Problem details: Look below for the line with "Les harpistes Ronya", then repeat it and all lines after it, exactly, minus any pictures.

Records for processing:
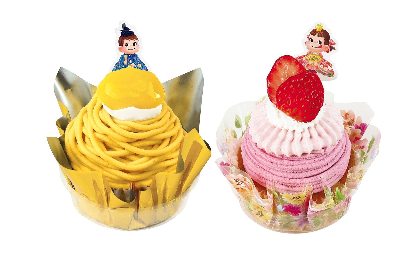 めびな・おびなに扮したペコちゃんとポコちゃんのぺーパープレートが可愛い、ふたつ並べてひなまつりを楽しめるモンブランです。
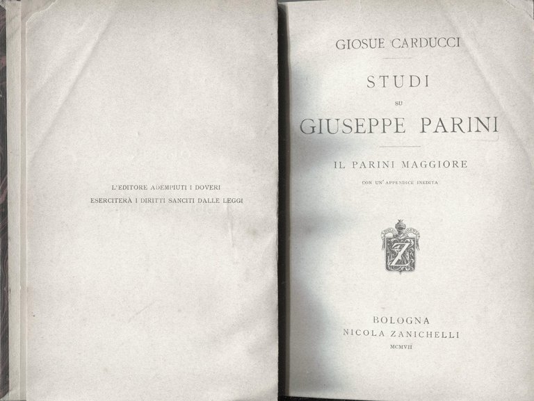 Studi su Giuseppe Parini. Il Parini maggiore | Libri antichi e moderni | CARDUCCI, Giosué (Val di Castello, Pietrasanta 1835 - Bologna
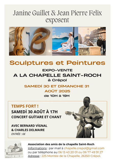 Retrouvez les merveilleuses sculptures bois ou pierre de Janine Guillet les 30 et 31 août dans le cadre d'une exposition organisée par L'association des amis de la Chapelle St Roch à Crépol !
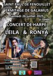 Les harpistes Ronya et Leila Zitouni, accompagnées de leur harpe celtique et de leur voix, vous régaleront les oreilles et bien plus encore dans la finesse et la douceur. Avec grâce, elles nous mèneront de la poésie occidentale à l’orientale et rendront grâce la Sainte Vierge . Le samedi 26 juillet 2025 à 18 h à l’ermitage de Galamus à St Paul de Fenouillet. Réservation sur HelloAsso : 10€ https://www.helloasso.com/associations/nashuar-terre-vivante/evenements/concert-de-leila-et-ronya-a-l-ermitage-du-galamus ou sur place 12€ Renseignements 0683359411 https://www.nashuarterrevivante.fr Les bénéfices de ce concert iront pour l’association ASTB (Sclérose Tubéreuse de Bourneville)
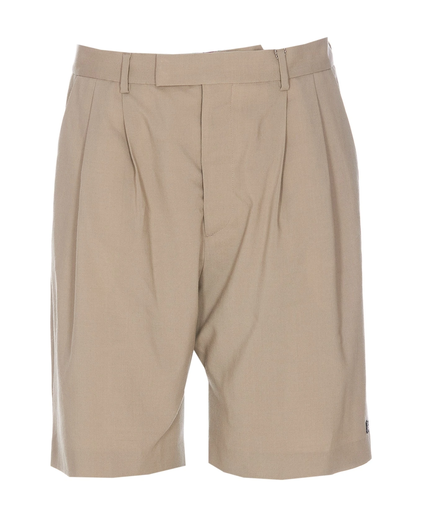 Amiri tan beige shorts with fronta hook and zip closure, lateral pockets

The completed task:
 Les harpistes Ronya et Leila Zitouni, accompagnées de leur harpe celtique et de leur voix, vous régaleront les oreilles et bien plus encore dans la finesse et la douceur. Avec grâce, elles nous mèneront de la poésie occidentale à l’orientale et rendront grâce la Sainte Vierge . Le samedi 26 juillet 2025 à 18 h à l’ermitage de Galamus à St Paul de Fenouillet. Réservation sur HelloAsso : 10€ https://www.helloasso.com/associations/nashuar-terre-vivante/evenements/concert-de-leila-et-ronya-a-l-ermitage-du-galamus ou sur place 12€ Renseignements 0683359411 https://www.nashuarterrevivante.fr Les bénéfices de ce concert iront pour l’association ASTB (Sclérose Tubéreuse de Bourneville)
 Amiri tan beige shorts with fronta hook and zip closure, lateral pockets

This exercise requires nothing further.